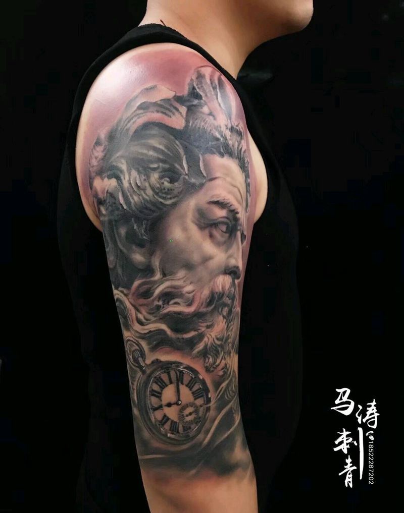当前位置: 首页 >天津市纹身店-马涛刺青纹身图案>波塞冬纹身图片_手臂手部欧美肖像写实人物鬼神成品纹身图案
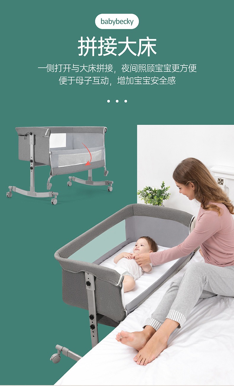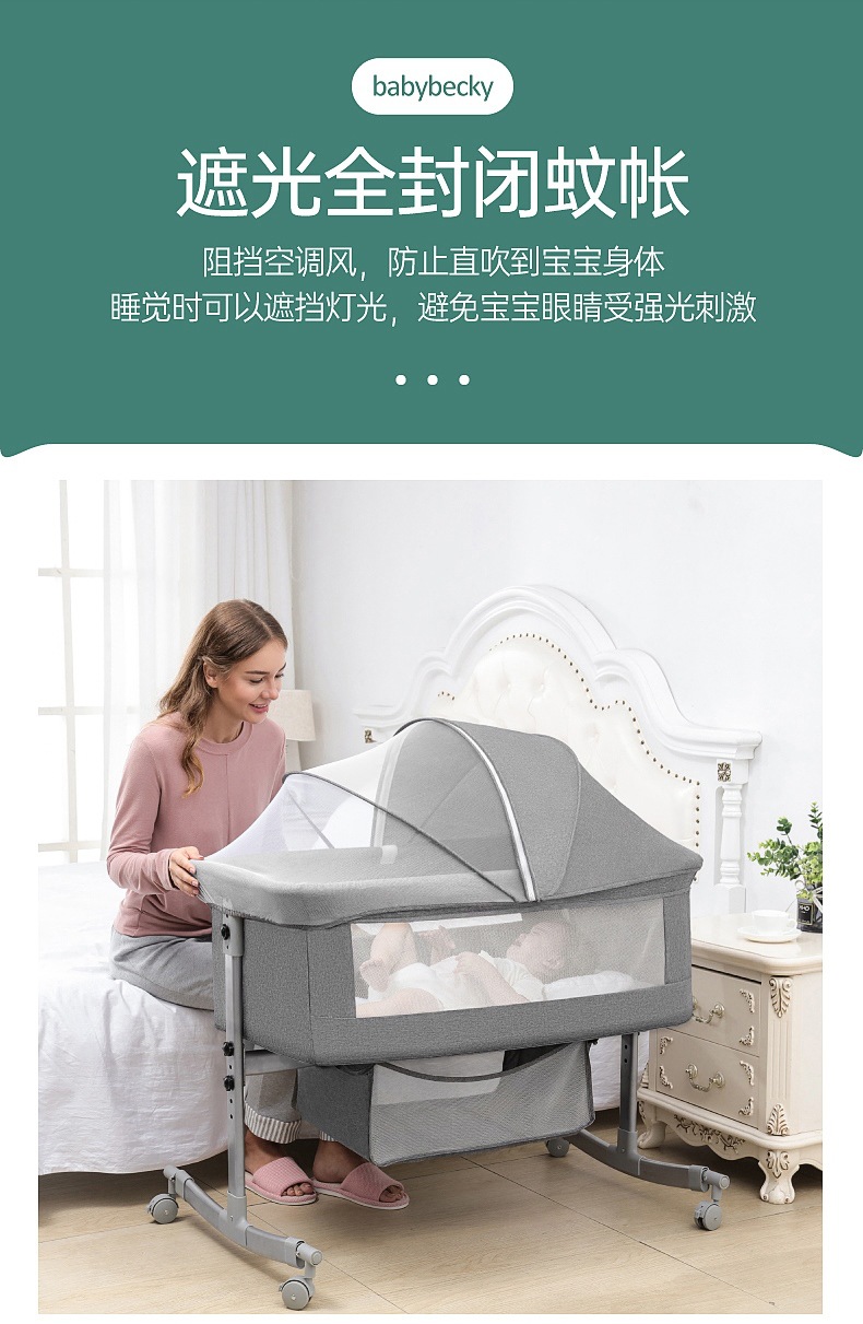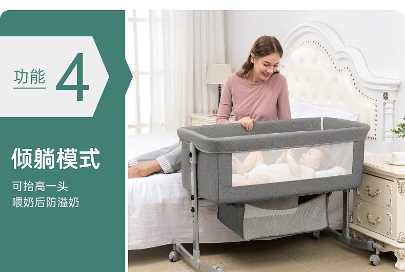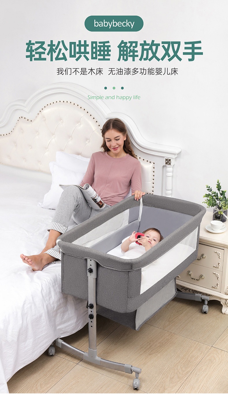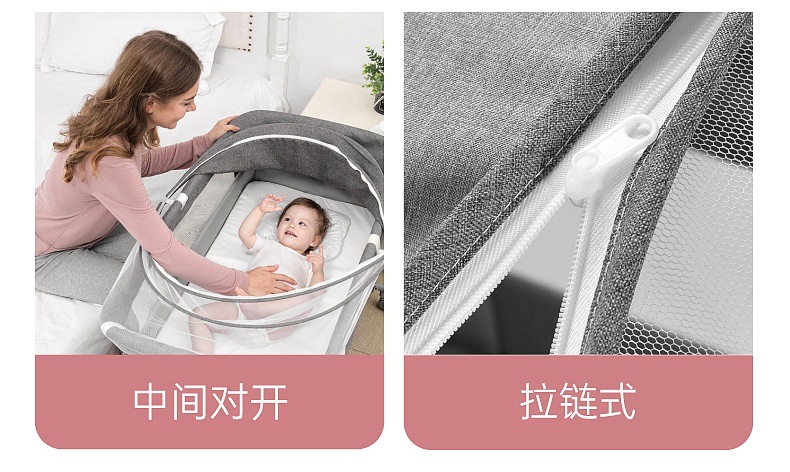 Детская кроватка Складная переносная Колыбель Прикроватная кровать Мобильная детская кровать Корзина Кровать для новорожденных Сращивание Большая кровать
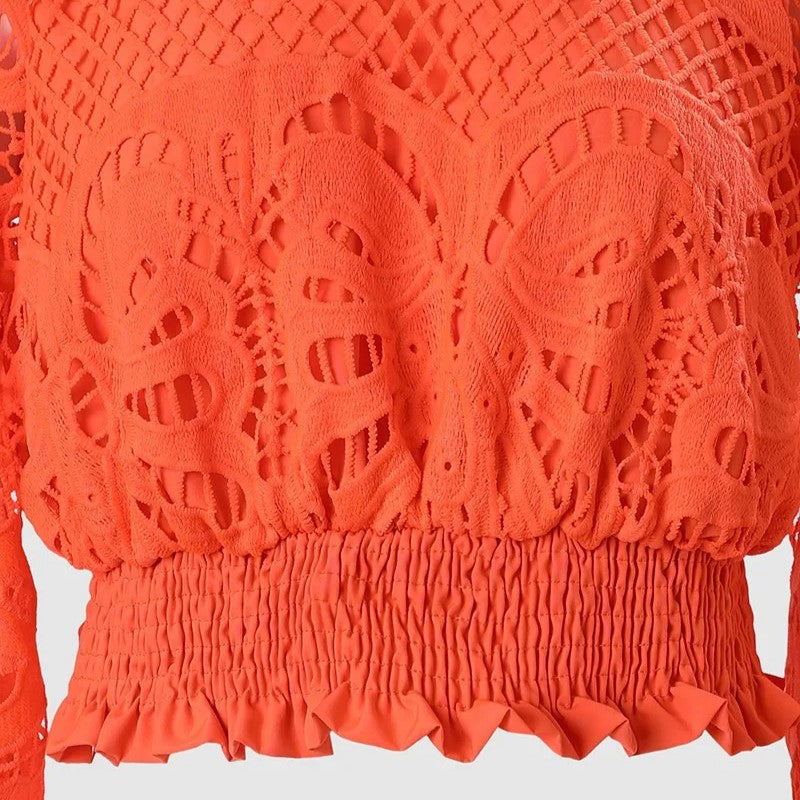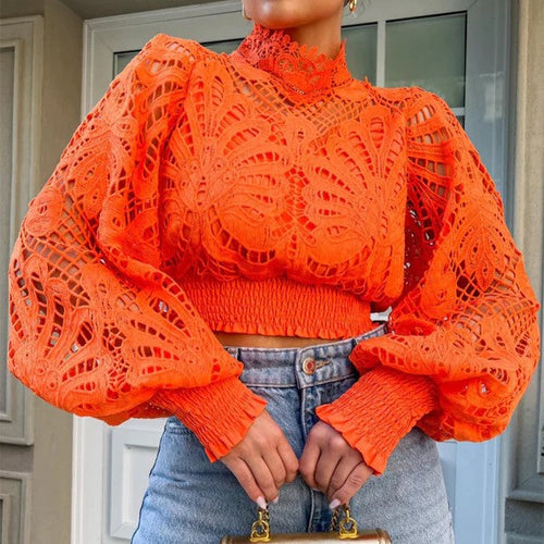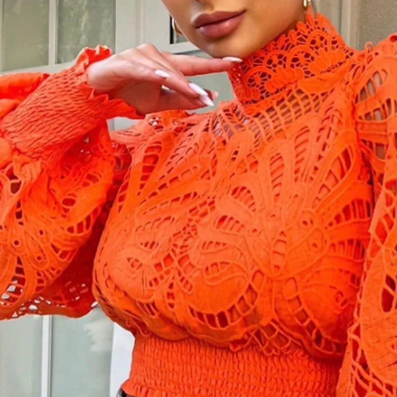 Denna blus är designad med en hög krage och ballongärmar som ger en modern och trendig look. Perfekt för både vardag och fest, den är ett utmärkt val för att skapa en iögonfallande vinteroutfit.
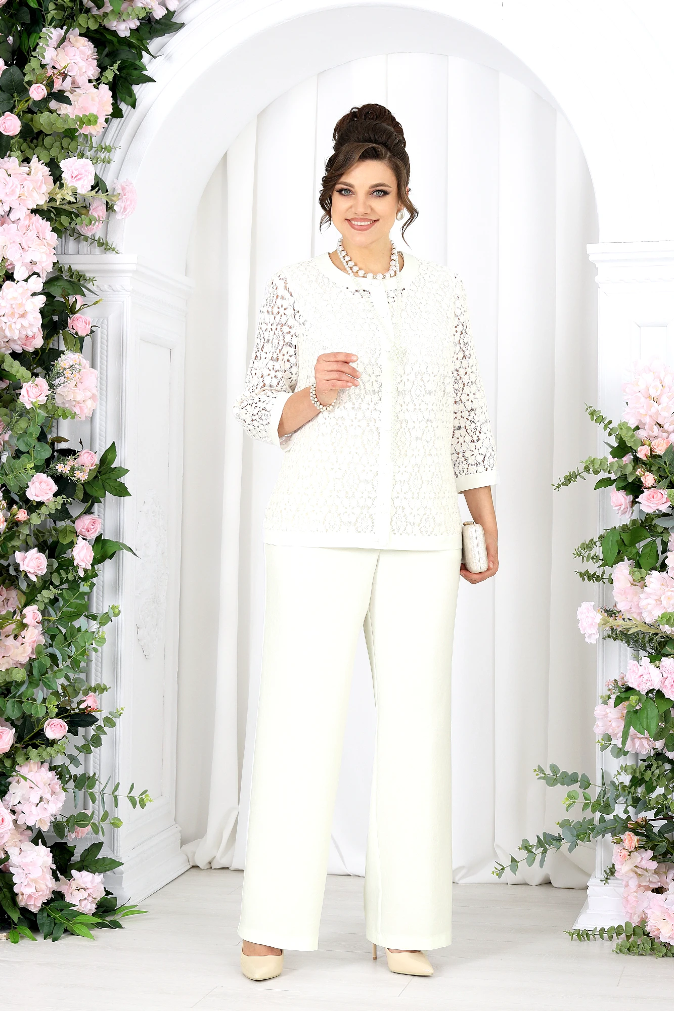 Брючный костюм NINELE 7518 тройка молочный
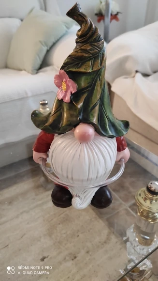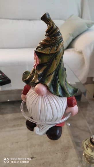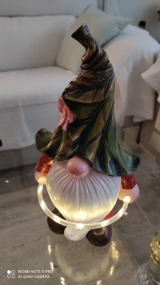 Es muy gracioso, no es muy grande , pues la altura es por el gorro, pero está bien, aunque me hubiera gustado más grande, no se puede pedir más por este precio, si lo encuentras más barato en otro lugar mejor, no merece si lo encuentras más de 23- 25€ .Ha venido en bien de tiempo

----

**WHAT THE TASK REQUIRES**
With images omitted, retype the data word for word.

**SOLUTION BELOW**
当前位置: 首页 >天津市纹身店-马涛刺青纹身图案>波塞冬纹身图片_手臂手部欧美肖像写实人物鬼神成品纹身图案
 Детская кроватка Складная переносная Колыбель Прикроватная кровать Мобильная детская кровать Корзина Кровать для новорожденных Сращивание Большая кровать
 Denna blus är designad med en hög krage och ballongärmar som ger en modern och trendig look. Perfekt för både vardag och fest, den är ett utmärkt val för att skapa en iögonfallande vinteroutfit.
 Брючный костюм NINELE 7518 тройка молочный
 Es muy gracioso, no es muy grande , pues la altura es por el gorro, pero está bien, aunque me hubiera gustado más grande, no se puede pedir más por este precio, si lo encuentras más barato en otro lugar mejor, no merece si lo encuentras más de 23- 25€ .Ha venido en bien de tiempo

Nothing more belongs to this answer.